The liminal space we inhabit when someone dear to us dies opens us up to deep feelings, even to the supernatural: suddenly everything seems infused with meaning. I have written work I consider elegiac for my mother and father, my partner John, for my cat Cookie (See blog post Animals as Inspiration) and even a sister-in-law, lost not through death, but divorce. One of these is a poem, but the rest are fiction. Here is a meditation on a possible afterlife. It first appeared in Dark Matter. Summer 2015 #7
e-heaven
. . . a new idea for heaven
I would like to propose e-heaven; I would like to present this to the committee on celestial slash scientific affairs, or the committee on cosmology or the one on hope: The “e” might stand for energy, which I understand is never lost so that no matter (and speaking of matter, it could be hidden there) no matter what we do it lingers forever in the universe — or the “e” might stand for electronics or Ethernet which, some believe (and have acted upon their belief by designing clever, colorful, impressive-as-any-Memorial-Stone homepages) might allow us to live forever on the web (which too is always changing but never lost) — and hence and then too, the “e” might stand for erased files that are not permanently erased but momentarily deleted on an abandoned hard drive or floppy discs forgotten in a basement somewhere or garage or landfill waiting to be retrieved by a brainy geek (God?) – again one of the points being that nothing is ever lost, and here/there/now is a “t” which I will posit stands for time, which we know is only a dimension and not the absolute that it once was thought to be, so that death perhaps is liberation from that dimension, freedom to travel without our bodies on a wave of light (whose speed is absolute) to find the energy (and our body) which is not lost and dwells here/there in body and emotion (emotion: another e-word, part of the “e” of energy) that is never lost, and an aspect of this proposed liberation being that we can choose the moment or moments (and hence the emotion or emotions), the best moments of our life and inhabit them forever (or for as long as we choose, Free Will being an axiom of this theorem). And that would be heaven.
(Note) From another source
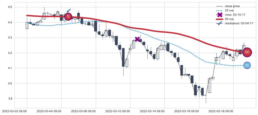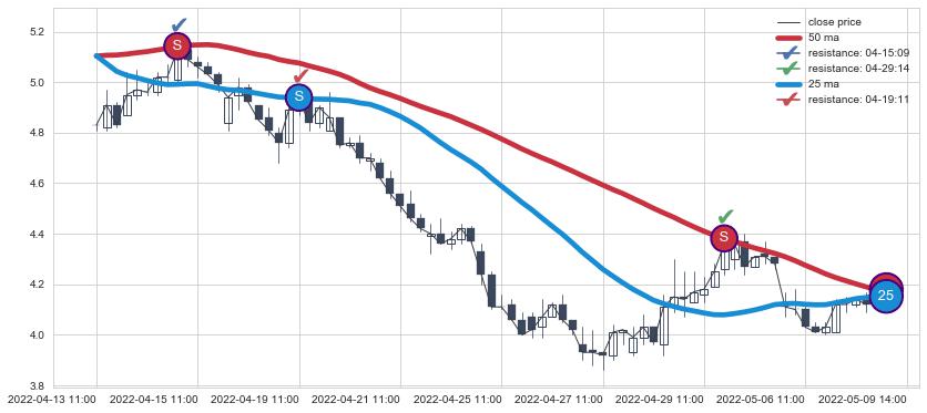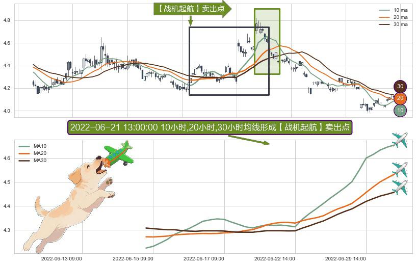 ⚀ 2022-06-14 14:00:00小时-2022-07-01 14:00:00小时显现 10小时-20小时-30小时均线 【战机起航】卖出点 看空信号,后市看跌,卖出

Yes, we would ride the light of our life – not a reincarnated life, which, when you think about it is not really our life at all: not our memory, not our experience, not our body (because again I would like to emphasize our body would be here/there too [in e-Heaven] projected by light though paradoxically we would travel [ride the wave of light] here/there only after death, when we have for all intents and purposes lost our bodies, but not really or rather only for that and future moments, but time being the single dimension that it is, the past moments stretch across the universe and are here/there for us [past, present, and future, here/there, up/down, now/then being heuristic devices, not reality] ) — of course, we might choose hell, e-hell, it being the worst moments, moments when we walked the blocks alone dreading to go home or walked them because we had no home – or we might choose to travel to the future, curious merely to observe, without emotion or body, the aftermath – curious to follow a thought to its conclusion. For my part, having held a dying person’s hand, having combed a dying person’s hair, I have found emotion and body to be as fierce as curiosity and thought.
This, of course, is only a proposal in rough draft form. It needs fine tuning. It awaits observational or experimental validation. No doubt someone will find holes in my science though I have never claimed, and will never claim, to be a scientist, only a pilgrim who has read Einstein for Dummies and who has been intrigued by Schroeder’s cat, as well as unified and string theory, all of whom or which I must credit in part for my proposal. I would also like to thank the ancient Egyptians, who unlike the Greeks (whose Hades was all shadow, not light) believed that heaven would be like Earth, only better: the wheat crops would never fail, the light would shine very brightly, our love would abide.